> **DATASET EXCERPT**
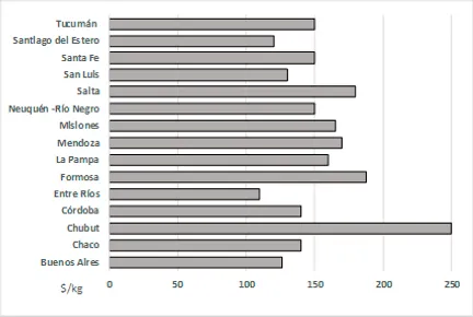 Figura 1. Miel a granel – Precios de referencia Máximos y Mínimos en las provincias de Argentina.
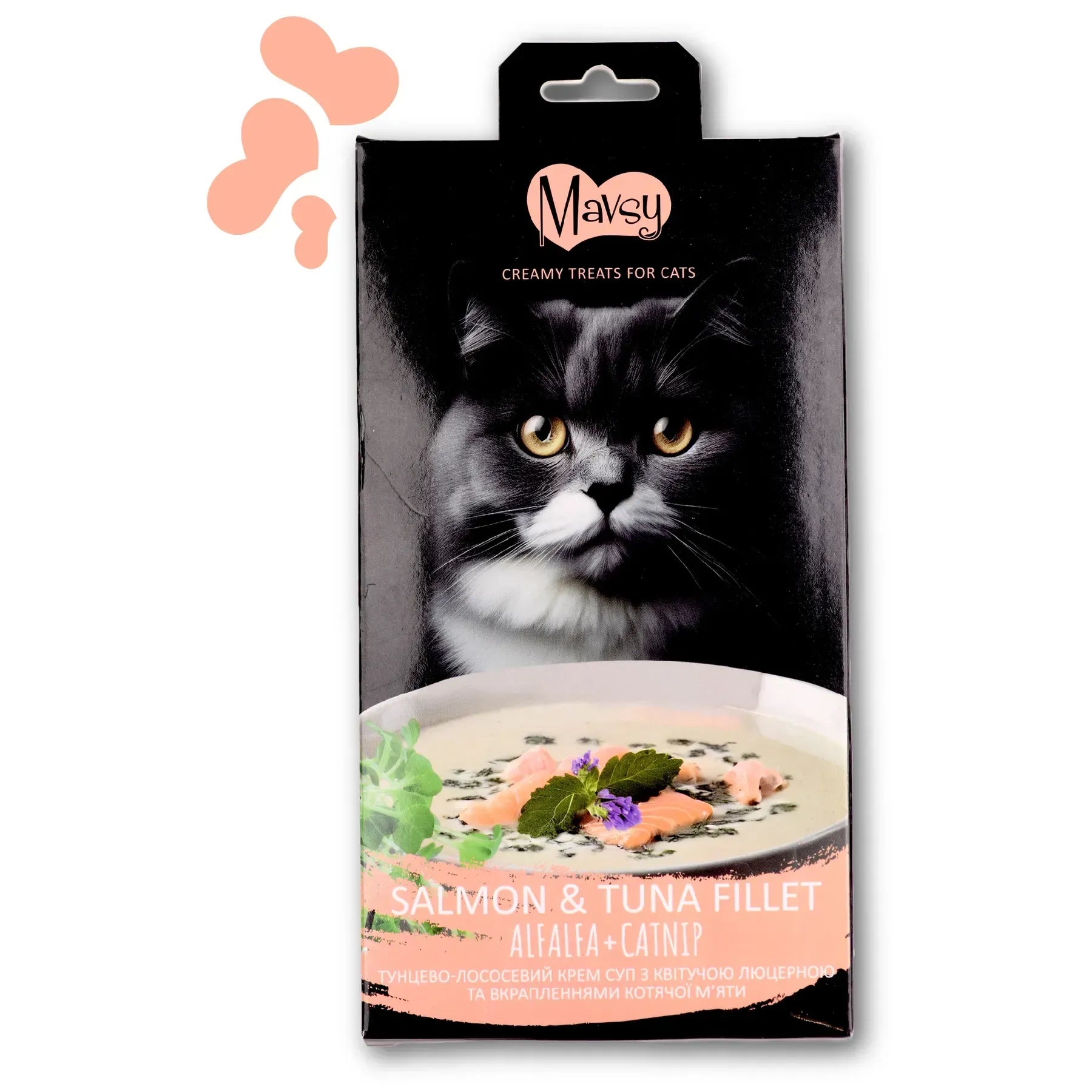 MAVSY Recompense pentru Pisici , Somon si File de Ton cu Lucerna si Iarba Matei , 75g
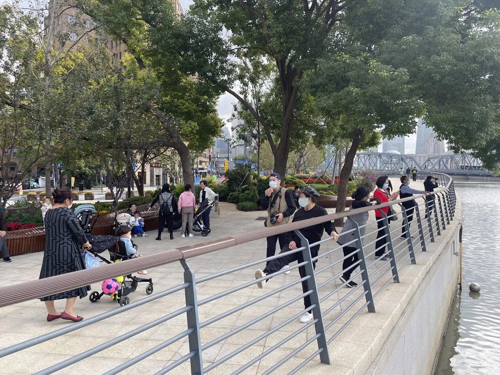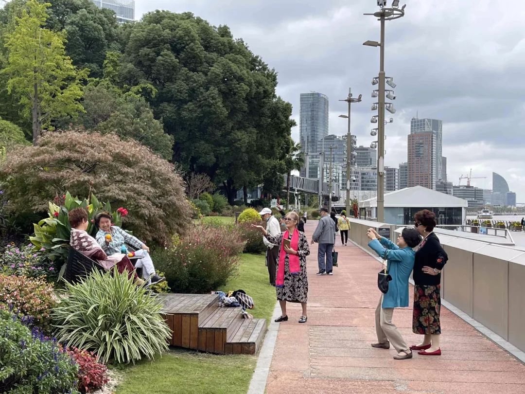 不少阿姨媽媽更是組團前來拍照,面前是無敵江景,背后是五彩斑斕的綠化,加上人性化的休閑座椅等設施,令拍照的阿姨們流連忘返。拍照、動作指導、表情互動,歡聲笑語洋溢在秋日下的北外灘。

> **PROBLEM TO SOLVE**
Without including any picture, output all the material exactly as it appears.

> **SOLUTION**
 Figura 1. Miel a granel – Precios de referencia Máximos y Mínimos en las provincias de Argentina.
 MAVSY Recompense pentru Pisici , Somon si File de Ton cu Lucerna si Iarba Matei , 75g
 不少阿姨媽媽更是組團前來拍照,面前是無敵江景,背后是五彩斑斕的綠化,加上人性化的休閑座椅等設施,令拍照的阿姨們流連忘返。拍照、動作指導、表情互動,歡聲笑語洋溢在秋日下的北外灘。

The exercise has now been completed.